The Role of Omega-3s in Overall Health
Omega-3 fatty acids are often making the news for their widespread health benefits.
There are three important types of omega-3 fatty acids for our health; α-linolenic acid (ALA) (found in plant oils), eicosapentaenoic acid (EPA), and docosahexaenoic acid (DHA) (both commonly found in marine oils).
In Europe, the shorter chain ALA has approved health claims for reducing cholesterol levels1 and brain development2 while the longer chain EPA and DHA have approved health claims for reducing blood pressure3, reducing triglycerides (a type of blood fat)3, overall heart function4 and in the case of DHA; normal brain function, vision and brain development5. DHA is the major structural fat in the brain and during the first two years of life, the brain needs to accumulate large amounts of DHA5.

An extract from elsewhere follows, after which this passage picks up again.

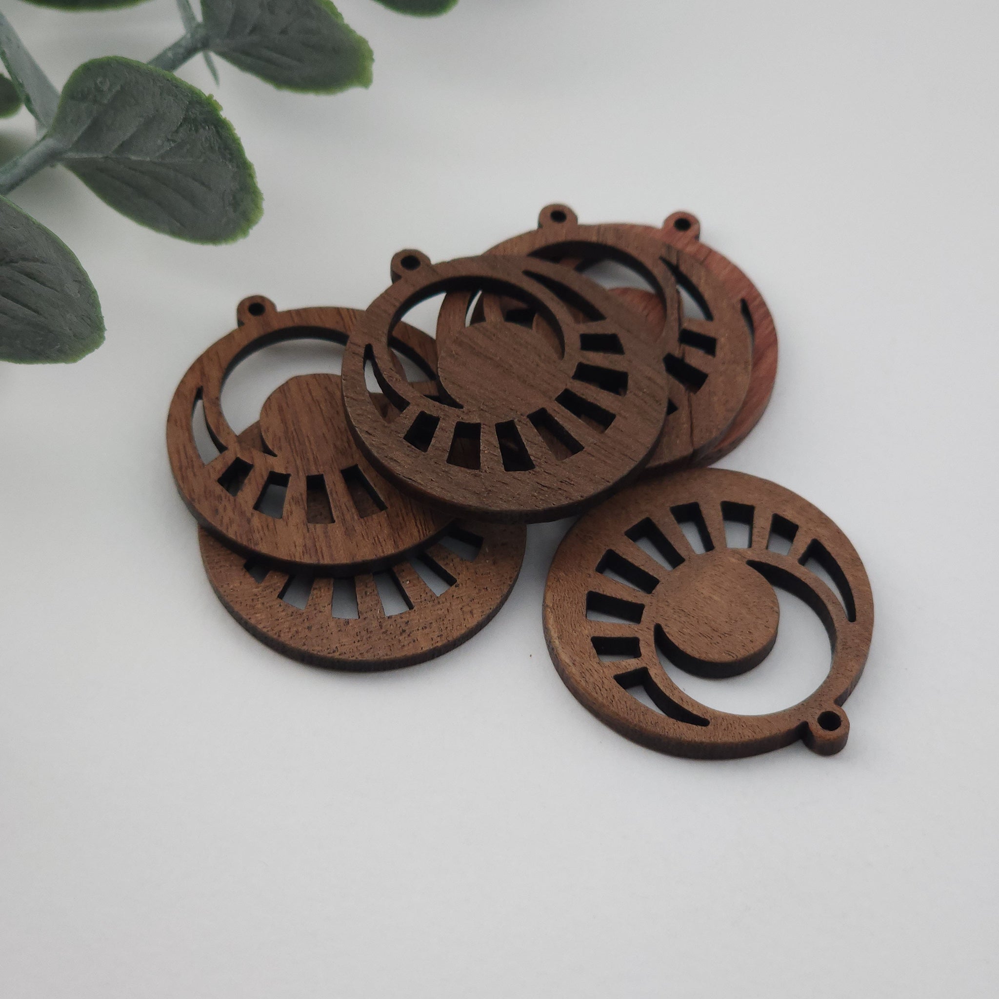 Round Geometric Shape Wood Charms, Eye Wooden Pendant, Reclaimed Walnut Wood, Geometric Statement Wood Earrings Diy...

Omega-3 fatty acids are therefore essential nutrients for health. Humans can’t make long chain omega-3 fatty acids, so we have to get them from our diet. We can however, convert the shorter chain ALA into those more important longer chain omega 3s6. Studies have shown that while this is possible, we aren’t particularly good at it, with conversion rates are only around 4-6 percent of our ALA6. Because of this poor conversion rate, food sources of EPA and DHA are really important for meeting our needs.
Unfortunately, as well as being very important, the food sources of these two nutrients are also pretty restricted. EPA and DHA are only found in oily fish and other marine sources like algae and as such, intakes tend to be wholly dependent on people’s consumption of oily fish, which includes salmon, fresh tuna, mackerel, sardines, trout, and herring.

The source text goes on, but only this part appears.